Concerns Remain As Quality of Care Improves, NCQA Reports

More Medicare patients are continuing to see better quality of care according to the National Committee for Quality Assessment’s (NCQA) 2013 State of Health Care Quality Report. Despite this, the NCQA was concerned with the high rate of antibiotics being prescribed to treat the common cold which adds to the increasing problem of antibiotic resistant bacteria, and the decline in the initiation and engagement of alcohol and other drug dependency treatments. These findings are based upon data in the Healthcare Effectiveness Data and Information Set (HEDIS) from 2012 provided by health plans covering 136 million people, or 43 percent of the U.S. population. More than 1,000 health plans voluntarily disclosed the clinical quality, consumer experience and resource data that are used to make the report.

Over Use of Antibiotics

The use of antibiotics to treat acute bronchitis, or the common cold, was a concern to the NCQA. Well over 75 percent of adults who were diagnosed with acute bronchitis were prescribed an antibiotic. Acute bronchitis is caused by a virus and there have been no studies that have shown the use of antibiotics are effective in treating a viral infection. Over 10 million people seek treatment for acute bronchitis from their physicians and 2 million people have reported to hospital emergency rooms with acute bronchitis. In more than 60 percent of these cases an antibiotic was prescribed.
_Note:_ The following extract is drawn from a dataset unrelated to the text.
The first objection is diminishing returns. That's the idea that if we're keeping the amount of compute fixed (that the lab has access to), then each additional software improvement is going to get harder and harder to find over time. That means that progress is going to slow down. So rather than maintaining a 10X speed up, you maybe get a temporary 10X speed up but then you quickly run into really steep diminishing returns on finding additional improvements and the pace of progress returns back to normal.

The NCQA’s concern with this level antibiotic usage without a substantiated clinical reason is that it adds to the increase in bacteria that are resistant to antibiotics. In September of 2013, the Centers for Disease Control, (CDC) reported that 2 million people are sickened each year by an antibiotic resistant bacteria and that 23,000 die from the infection. The NCQA noted that the CDC reported that such infections can increase hospitalizations and require extensive treatments that can be avoided.
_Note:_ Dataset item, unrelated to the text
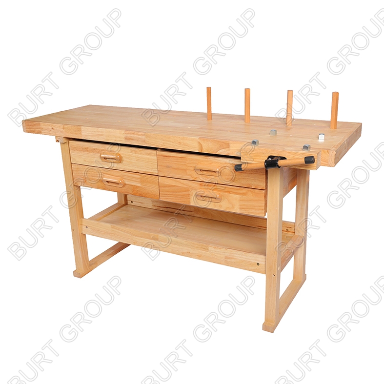 This wooden bench is made of solid rubber wood. A clipboard and 4-integrated drawers with full pull-out offer plenty of storage space. 4-bench hooks made of metal and wood are included in the scope of delivery for workpiece fixation.
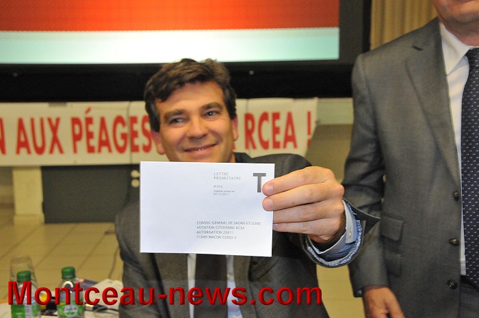 « J’aurais préféré un référendum, qui se serait déroulé dans les mairies,mais le préfet de Saône-et-Loire a saisi le tribunal administratif de Dijon qui a suspendu ce référendum, cependant le Conseil a souhaité maintenir cette consultation de la population afin de montrer son opposition aux péages et défendre l’alternative gratuite » a exposé, en substance, M. Montebourg avant d’expliquer que cette écotaxe, payée par les poids lourds de plus de 3,5 tonnes empruntant cet axe, assurerait un financement 100% public des travaux de mise à 2X2 voies. Sans trop entrer dans le détail, signalons tout de même que le Conseil général demande 1% de l’écotaxe nationale auquel s’ajouterait l’écotaxe départementale estimée à 2 millions d’euros par an. Cela pour le financement des travaux et, pour ce qui est de la suite, c’est à dire l’exploitation : le versement par l’Etat de la subvention d’équilibre envisagée dans le cas d’une mise en concession et l’octroi des moyens actuellement consacrés par l’Etat pour le fonctionnement de cet axe en tenant compte que ceux-ci ont diminué dans la perspective de la mise en concession.

Alcohol and Chemical Dependency

Another area of concern for the NCQA was the continued decline in the initiation and continued engagement for the treatment of dependence on alcohol and other drugs. In 2012, the percentage of people who initiated dependency treatment declined by roughly 3 percent from 2011. The largest decline was among Medicare beneficiaries; whose treatment declined nearly 4 percent. This decline began in 2009. The decline in individuals who received two or more services within the 30 days of their initiation visit also continues. In 2012, roughly 13 percent of people who received an initial treatment for dependency had 2 or more visits in the following 30 days. In 2011, an estimated 21.6 million people needed treatment for chemical dependency with annual death rate of roughly 100,000 people.
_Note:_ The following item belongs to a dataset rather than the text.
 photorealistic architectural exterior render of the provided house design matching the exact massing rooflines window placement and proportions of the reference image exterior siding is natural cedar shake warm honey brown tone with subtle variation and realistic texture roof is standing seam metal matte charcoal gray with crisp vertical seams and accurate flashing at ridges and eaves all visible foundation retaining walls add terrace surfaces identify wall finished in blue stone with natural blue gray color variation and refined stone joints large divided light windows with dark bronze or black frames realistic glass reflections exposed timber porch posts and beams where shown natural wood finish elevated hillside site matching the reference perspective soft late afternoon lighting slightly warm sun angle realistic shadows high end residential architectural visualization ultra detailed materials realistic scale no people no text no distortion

Improvements were seen in Medicare HMOs on the delivery of a number of quality of care indicators. NCQA noted that the most improvement for Medicare beneficiaries was seen in screenings for colorectal cancer. In 2012, 62 percent of Medicare beneficiaries enrolled in HMOs and 58 percent of Medicare beneficiaries enrolled in a preferred provider organization (PPO) received a screening for colorectal cancer. These are increases of 2 and 3 percent respectively. In 2012, an estimated 140,000 people were diagnosed with colon cancer and there were approximately 48,000 deaths due to colon cancer. The decrease in the incidence and death rates associate with colon cancer is a result of early screenings, the NCQA reported.

Increases were also observed for Medicare beneficiaries in the persistent use of beta-blockers following a heart attack. In 2012, 89 percent of Medicare beneficiaries and 88 percent of Medicare beneficiaries in PPO received beta-blockers after having a heart attack. About 7.2 million people have had a heart attack and the use of beta blockers, which slows the heart beat and controls heart rhythms, is proven to decrease the likelihood of sudden cardiac death.